Most people, however, got their first look at it in the ubiquitous Sears catalog, and many never actually saw a real one. With a total production run of about 2,400 units, Allstates weren't exactly the most common automobiles on the road.

Theodore V. Houser, a Sears executive who also owned some Kaiser-Frazer stock, had been asking Henry Kaiser to build Sears a car since the west coast construction tycoon had entered the auto business in 1945. (This was not the first attempt by Sears to produce cars: a pretty little high-wheeler had carried the Sears name back in 1912.)

Houser and Kaiser had earlier collaborated when the latter's steel mills produced pots and pans for Sears' kitchenware department. Design renderings of early, slab-sided Kaiser-Frazer sedans with Allstate labels were completed, but nothing came of the idea until Kaiser-Frazer produced the Henry J, announced in early 1950 as a 1951 model.
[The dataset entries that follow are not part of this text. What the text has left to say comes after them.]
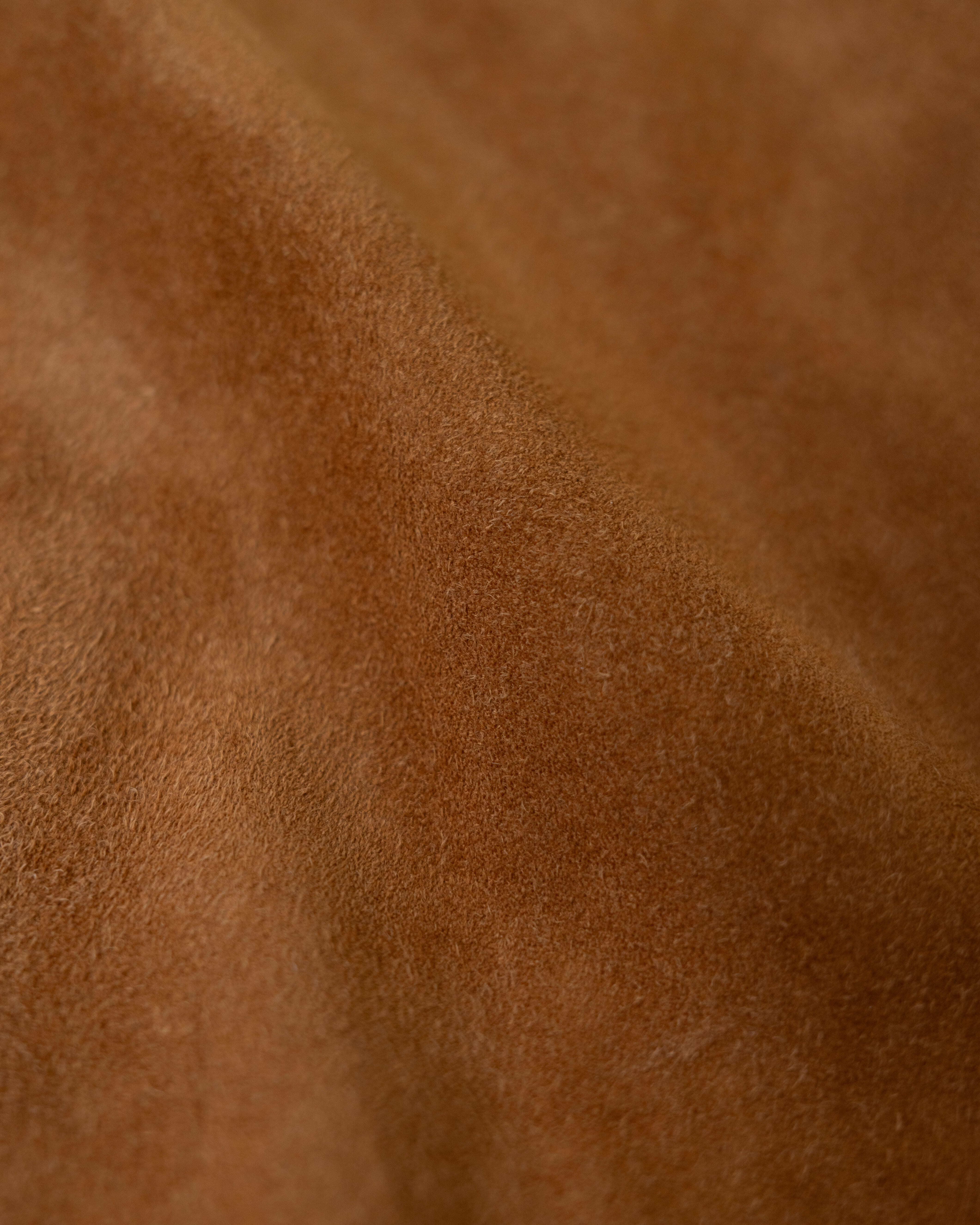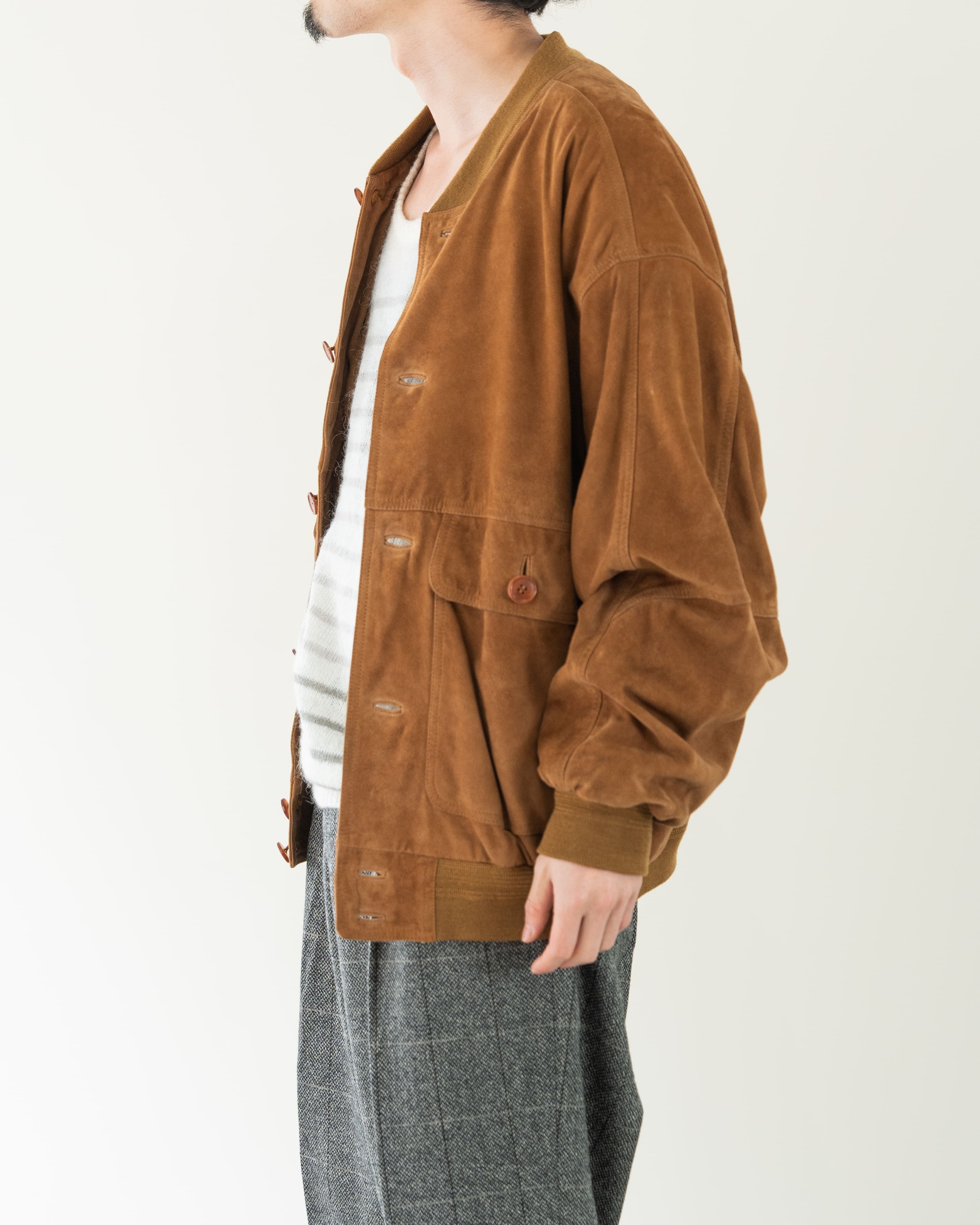 素材にはスウェードレザーを使用しており、レザー特有のハードさや野暮ったさを感じさせない柔らかな質感。しなやかで軽い着心地なので、デイリーに取り入れやすい一着です
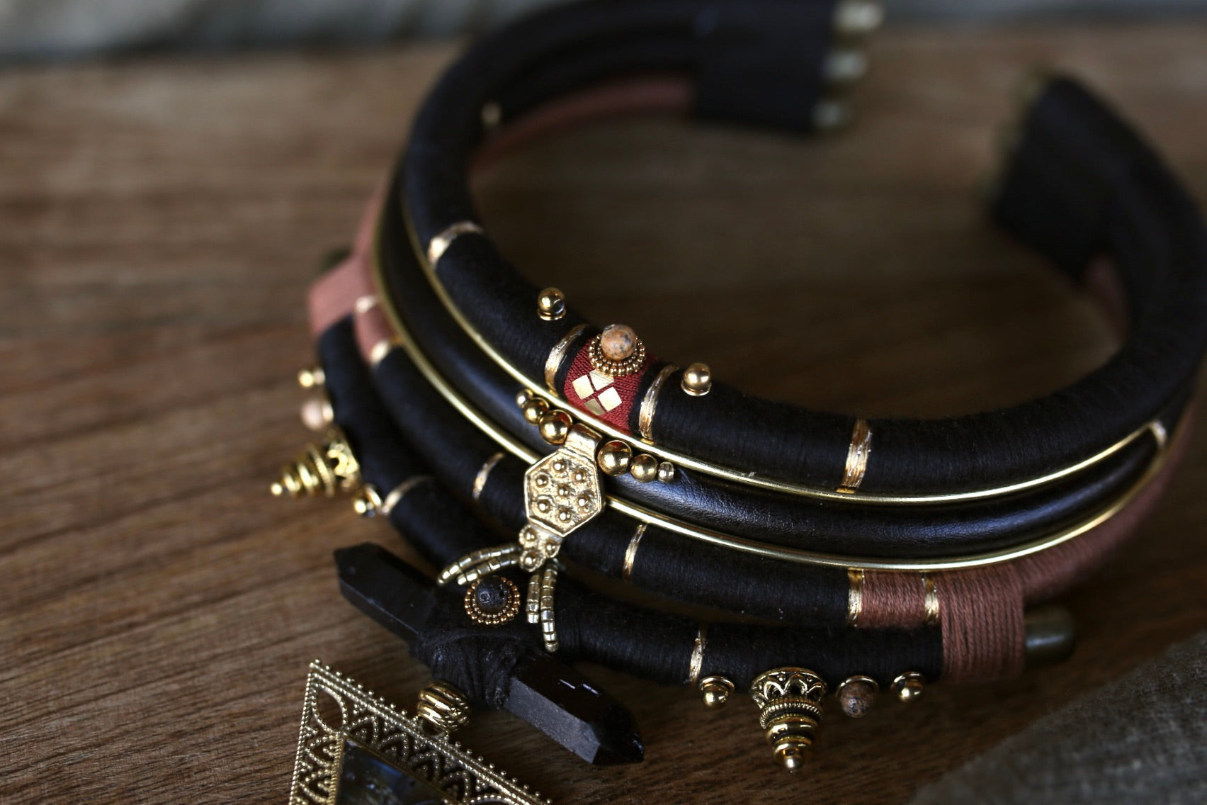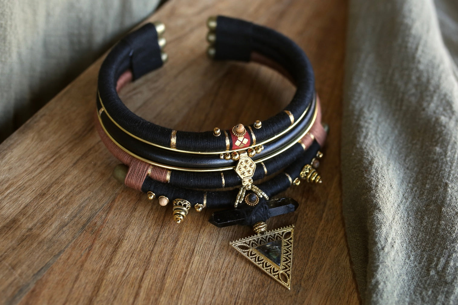 Collier multi-rangs totalement amovible, composé de 3 rangs en fil de coton noir, brun et terre cuite, finitions en laiton gravé et perles en acier inoxydable.
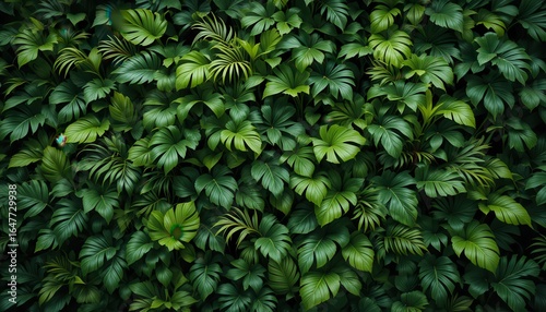 Close up Lush Green Tropical Plant Wall
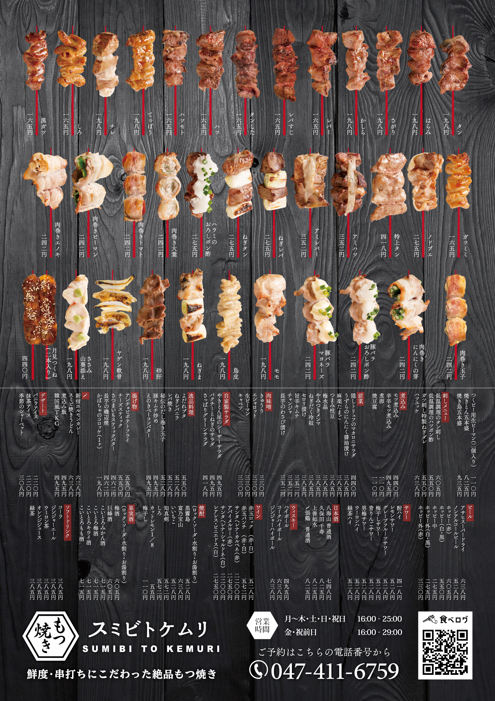| ポイント | 電飾看板用として黒ベースの背景指定があったため、視認性と可読性を考慮し黒木目調で仕上げました。夜間でも問題なく情報が伝わるよう、素材選定と配色に配慮しています。 |
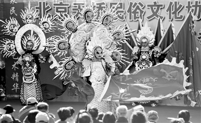 昨天,在天桥剧场广场,天桥老艺人传人曹群来为市民表演“八头变脸”的传统绝技。当日,天桥民俗文化协会揭牌。回归天桥故土的老艺人“坛子周”、“飞叉赵”与新一代艺人同台献艺,让围观的市民大饱眼福。本报记者 陈艺 摄影报道
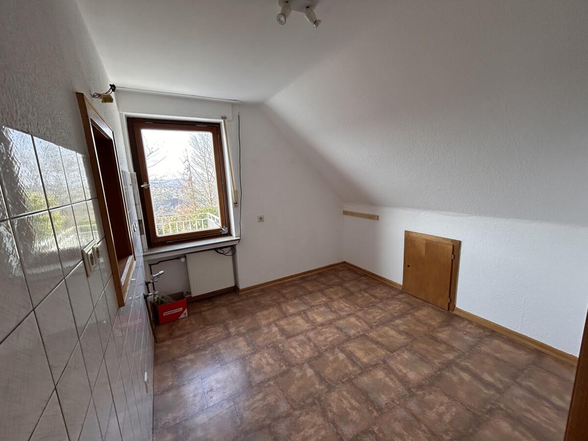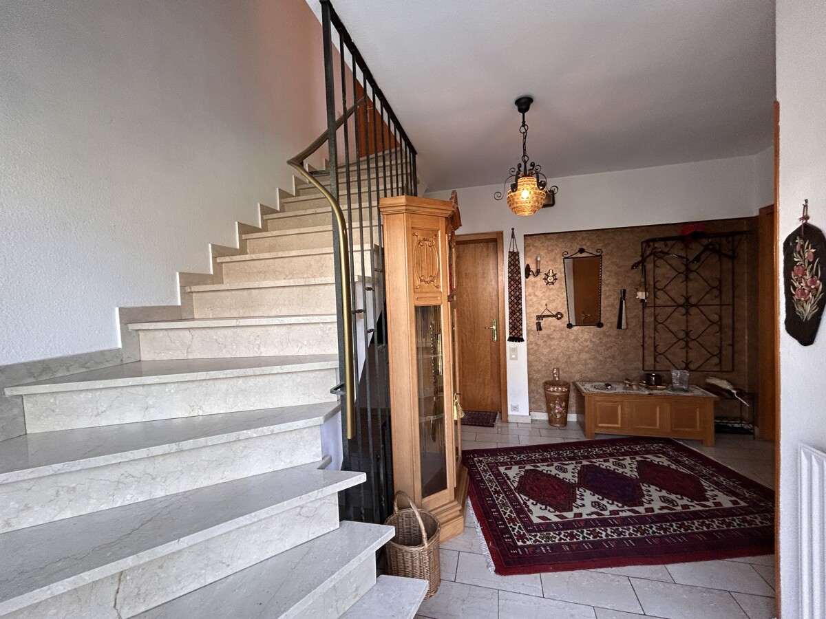 Im Erdgeschoss gelangen Sie über den Flur im Eingangsbereich in die Küche mit kleiner Sitzgelegenheit, ins Esszimmer und in das Wohnzimmer mit Ausgang auf den Balkon. Ebenfalls auf dieser Etage befinden sich ein Schlafzimmer, ein Kinderzimmer oder Büro und ein Bad mit Wanne, Dusche, WC und ein Gäste-WC. Über das helle Treppenhaus mit Marmortreppe gelangen Sie in das Obergeschoss. Dort befinden sich ein Schlafzimmer mit einem kleinen, angrenzenden Ankleidezimmer. Zusätzlich befindet sich auf dieser Etage noch eine abgeschlossene Dachgeschosswohnung mit Küche, Wohnzimmer mit Ausgang auf den Balkon, großes Schlafzimmer, ein Bad mit Wanne/WC und ein Gäste-WC. Ein großer Speicher bietet genug Stauraum. Das Haus ist voll unterkellert und verfügt über einen Heizungskeller mit Zugang zu einer Werkstatt und zur Doppelgarage sowie zwei Kellerräume. Ein extra hohes Carport bietet eine Unterstellmöglichkeit für ein Wohnmobil oder einen Wohnwagen.
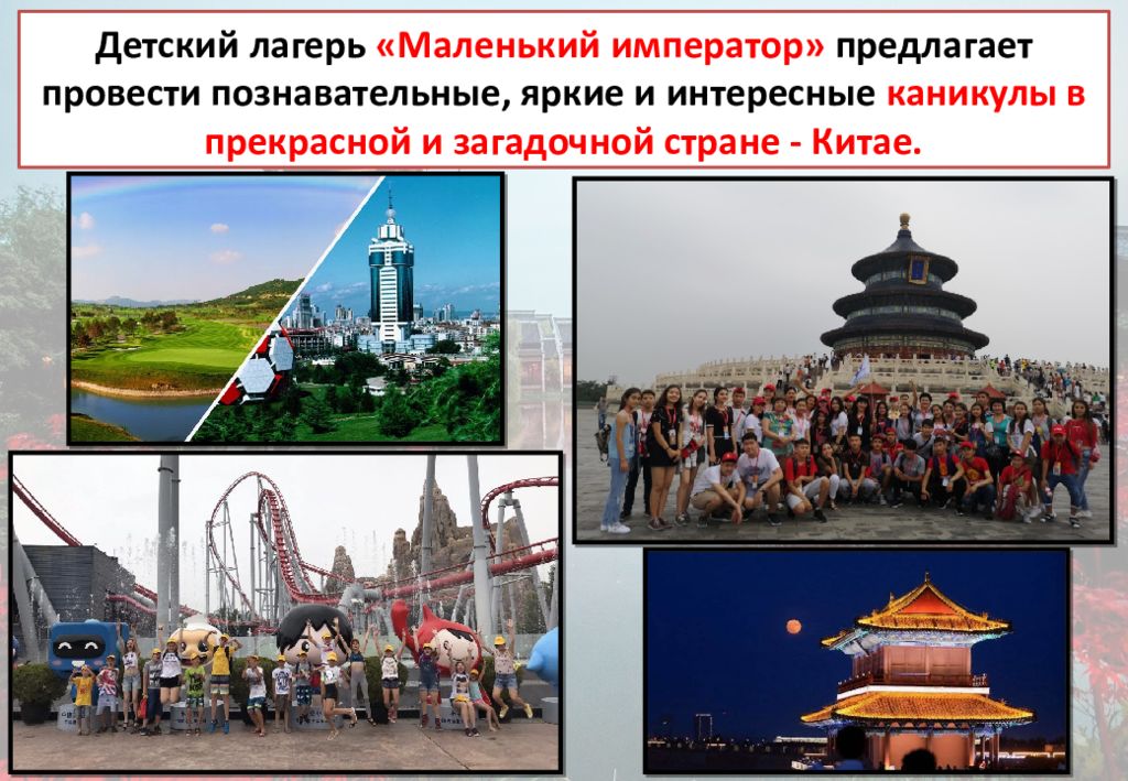 Детский лагерь «Маленький император» предлагает провести познавательные, яркие и интересные каникулы в прекрасной и загадочной стране - Китае.
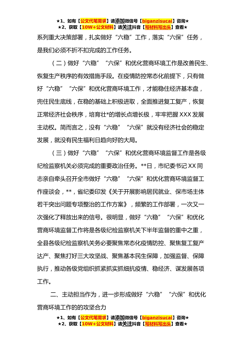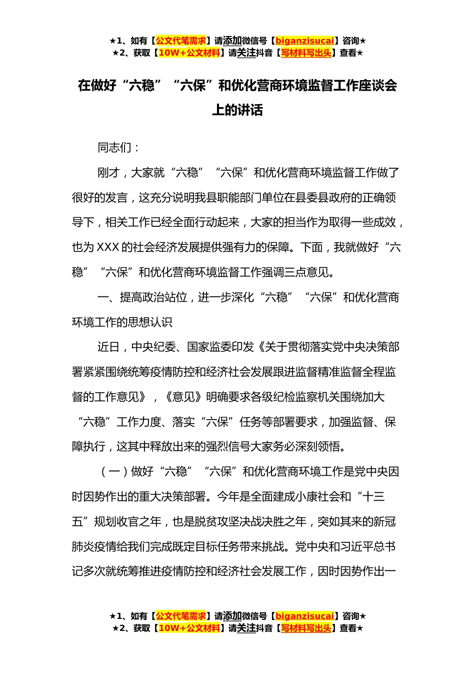 ★1、如有【公文代笔需求】请添加微信号【biganzisucai】咨询★★2、获取【10W+公文材料】请关注抖音【写材料写出头】查看★在做好“六稳”“六保”和优化营商环境监督工作座谈会上的讲话同志们:刚才,大家就“六稳”“六保”和优化营商环境监督工作做了很好的发言,这充分说明我县职能部门单位在县委县政府的正确领导下,相关工作已经全面行动起来,大家的担当作为取得一些成效,也为XXX的社会经济发展提供强有力的保障。下面,我就做好“六稳”“六保”和优化营商环境监督工作强调三点意见。一、提高政治站位,进一步深化“六稳”“六保”和优化营商环境工作的思想认识近日,中央纪委、国家监委印发《关于贯彻落实党中央决策部署紧紧围绕统筹疫情防控和经济社会发展跟进监督精准监督全程监督的工作意见》,《意...
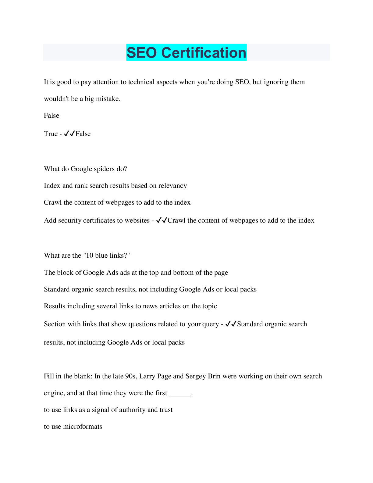 Computer Science > QUESTIONS & ANSWERS > SEO Certification (All)
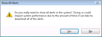 Check Show all alerts in the system. You are asked to confirm this operation, because it introduces performance overhead.

The Henry J looked ideal to Sears because of its middle-class, economy-minded clientele, and Henry Kaiser agreed to produce a version for Sears. This decision caused dismay within the Kaiser-Frazer dealer organization, which fretted about competition from the giant department store and catalog merchandiser.

Henry's son Edgar, Kaiser-Frazer's president, was sent to mollify the dealers: Allstates would be produced in small quantities, he told them, and would be marketed mainly on a test basis in the southeast part of the country (where Kaiser-Frazer's dealer network was notably sparse). The dealers remained unconvinced. As things turned out, Edgar was right.